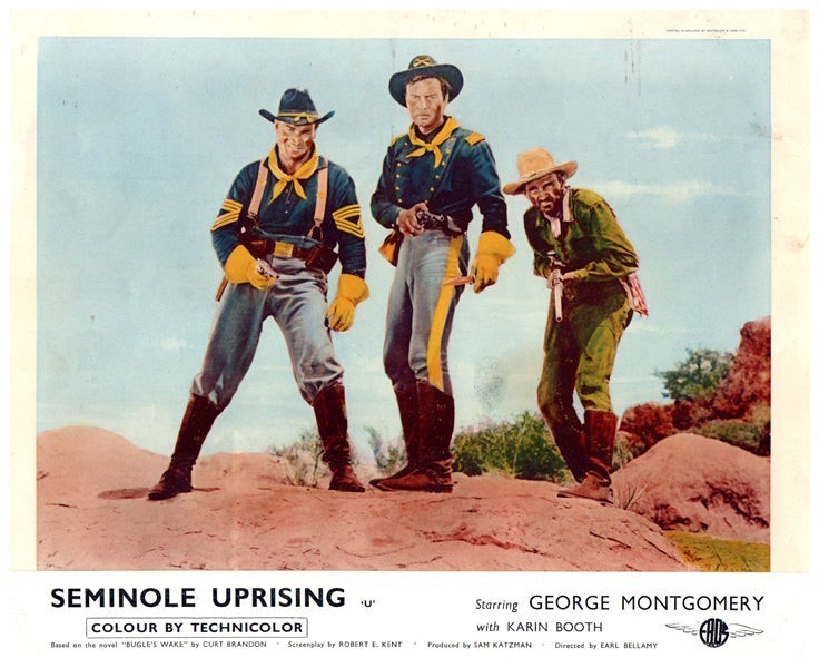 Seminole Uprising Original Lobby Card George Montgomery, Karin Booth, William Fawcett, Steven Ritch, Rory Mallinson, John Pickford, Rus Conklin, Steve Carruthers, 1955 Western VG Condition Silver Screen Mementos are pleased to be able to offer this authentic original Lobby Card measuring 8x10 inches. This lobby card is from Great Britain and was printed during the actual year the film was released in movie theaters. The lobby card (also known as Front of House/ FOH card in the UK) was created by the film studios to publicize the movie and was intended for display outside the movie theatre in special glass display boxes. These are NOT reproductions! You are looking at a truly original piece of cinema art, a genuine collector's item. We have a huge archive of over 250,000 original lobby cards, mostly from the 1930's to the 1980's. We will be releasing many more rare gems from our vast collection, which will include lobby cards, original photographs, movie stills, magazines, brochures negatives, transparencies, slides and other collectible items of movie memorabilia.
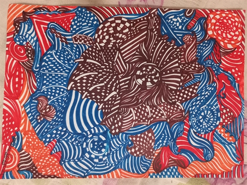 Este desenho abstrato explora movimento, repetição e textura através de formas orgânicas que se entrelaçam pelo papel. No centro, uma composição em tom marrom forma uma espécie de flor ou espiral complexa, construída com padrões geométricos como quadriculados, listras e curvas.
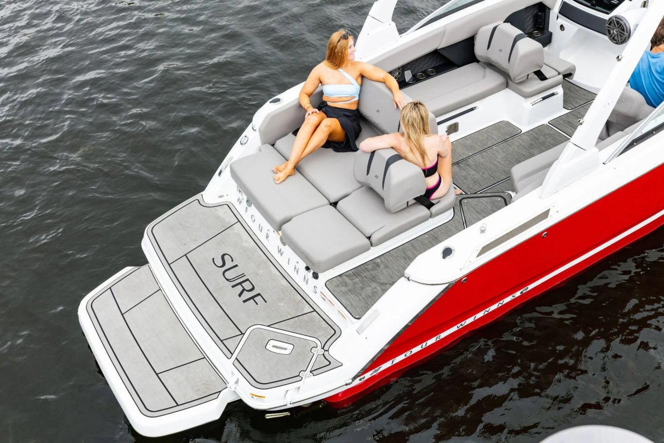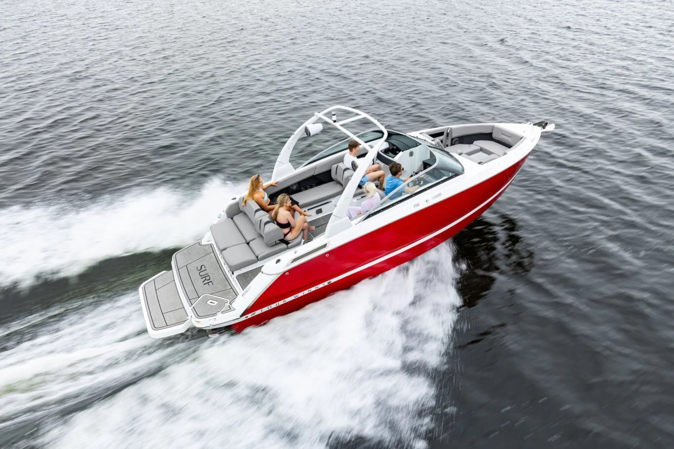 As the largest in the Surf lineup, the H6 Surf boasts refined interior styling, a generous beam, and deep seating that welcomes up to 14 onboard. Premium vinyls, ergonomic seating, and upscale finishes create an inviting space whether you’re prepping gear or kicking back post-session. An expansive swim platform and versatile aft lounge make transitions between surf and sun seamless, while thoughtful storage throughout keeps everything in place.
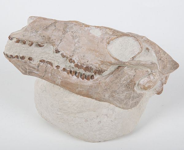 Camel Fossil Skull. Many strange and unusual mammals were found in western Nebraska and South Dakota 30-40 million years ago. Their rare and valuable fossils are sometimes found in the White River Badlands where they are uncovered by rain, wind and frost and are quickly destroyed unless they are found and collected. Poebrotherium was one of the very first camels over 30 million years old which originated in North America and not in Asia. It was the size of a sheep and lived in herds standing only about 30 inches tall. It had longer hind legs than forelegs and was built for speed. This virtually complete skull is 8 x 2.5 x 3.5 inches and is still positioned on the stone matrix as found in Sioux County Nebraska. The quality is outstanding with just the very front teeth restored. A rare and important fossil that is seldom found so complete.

What you will do: Reproduce the listing exactly. Leave its pictures out.

Exercise result:
 Seminole Uprising Original Lobby Card George Montgomery, Karin Booth, William Fawcett, Steven Ritch, Rory Mallinson, John Pickford, Rus Conklin, Steve Carruthers, 1955 Western VG Condition Silver Screen Mementos are pleased to be able to offer this authentic original Lobby Card measuring 8x10 inches. This lobby card is from Great Britain and was printed during the actual year the film was released in movie theaters. The lobby card (also known as Front of House/ FOH card in the UK) was created by the film studios to publicize the movie and was intended for display outside the movie theatre in special glass display boxes. These are NOT reproductions! You are looking at a truly original piece of cinema art, a genuine collector's item. We have a huge archive of over 250,000 original lobby cards, mostly from the 1930's to the 1980's. We will be releasing many more rare gems from our vast collection, which will include lobby cards, original photographs, movie stills, magazines, brochures negatives, transparencies, slides and other collectible items of movie memorabilia.
 Este desenho abstrato explora movimento, repetição e textura através de formas orgânicas que se entrelaçam pelo papel. No centro, uma composição em tom marrom forma uma espécie de flor ou espiral complexa, construída com padrões geométricos como quadriculados, listras e curvas.
 As the largest in the Surf lineup, the H6 Surf boasts refined interior styling, a generous beam, and deep seating that welcomes up to 14 onboard. Premium vinyls, ergonomic seating, and upscale finishes create an inviting space whether you’re prepping gear or kicking back post-session. An expansive swim platform and versatile aft lounge make transitions between surf and sun seamless, while thoughtful storage throughout keeps everything in place.
 Camel Fossil Skull. Many strange and unusual mammals were found in western Nebraska and South Dakota 30-40 million years ago. Their rare and valuable fossils are sometimes found in the White River Badlands where they are uncovered by rain, wind and frost and are quickly destroyed unless they are found and collected. Poebrotherium was one of the very first camels over 30 million years old which originated in North America and not in Asia. It was the size of a sheep and lived in herds standing only about 30 inches tall. It had longer hind legs than forelegs and was built for speed. This virtually complete skull is 8 x 2.5 x 3.5 inches and is still positioned on the stone matrix as found in Sioux County Nebraska. The quality is outstanding with just the very front teeth restored. A rare and important fossil that is seldom found so complete.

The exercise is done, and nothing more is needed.